# What (could have) gone wrong?



## SamKennedy (Nov 19, 2011)

I'm just returning to blindfold cubing having only managed it once about 3 years ago. I haven't succeeded yet, but I was really close and wondering what could have gone wrong.

After "finishing" the solve, the UBR and UFR cubies were swapped and in the wrong position, and the FR and BR cubies were swapped and in the wrong position.

What could have gone wrong? I'm suspecting parity, but I don't really understand how to know if it will be a problem or how to solve it.

Cheers,
-Sam


----------



## Stefan (Nov 19, 2011)

What was the scramble?
What method?

Maybe you just didn't see the FR-BR-FR cycle.


----------



## SamKennedy (Nov 19, 2011)

The Scramble was: U F R2 D2 U' F U' R D2 U2 F' L2 F' D' B' D2 U2 B' F2 U L2 R' U2 B F
The method was a hybrid between your old method and some things which I learned from youtube.

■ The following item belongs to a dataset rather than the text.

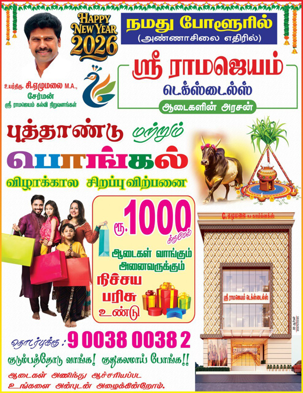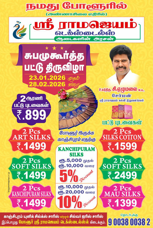 With a proud legacy of excellence through Sri Ramajayam Educational Trust, established in 2000, we have consistently upheld the values of trust, integrity, and quality across all our ventures. Continuing this tradition, we are delighted to introduce Sri Ramajayam Textiles, our newest initiative in Polur, dedicated to redefining family shopping experiences in the textile industry.

I start by orienting the corners, then the edges, then I permute the corners and end by permuting the edges.


----------



## Cubenovice (Nov 19, 2011)

Please don't tell me you orient edges first and then shoot 'em Old Pochmannesque UR -UL via T-perm...


----------



## Rpotts (Nov 19, 2011)

lol Pre Orient Old Pochmann

POOP


----------



## SamKennedy (Nov 19, 2011)

Okay can some suggest a simpler method with less memorisation which is also faster, which doesn't take more than 1 or 2 days to learn?


----------



## Rpotts (Nov 19, 2011)

Old Pochmann

Or M2 edges Old Pochmann corners.


----------



## Cubenovice (Nov 19, 2011)

Pllease provide more info first:
we only know you oroient first, then solve.
But HOW do you solve?
Are you using 3-cycles; thus solving two pieces at a time with algs such as U-perm, A-perm. (3OP method)
Or do you solve one piece at a time with T-perm for edges, Y-perm for corners? (Old Pochmann method)
or a combination of the two?

What yt video?
How do you memo right now?

The more specific you are the better we can "see" what is going wrong.




SamKennedy said:


> Okay can some suggest a simpler method with less memorisation which is also faster, which doesn't take more than 1 or 2 days to learn?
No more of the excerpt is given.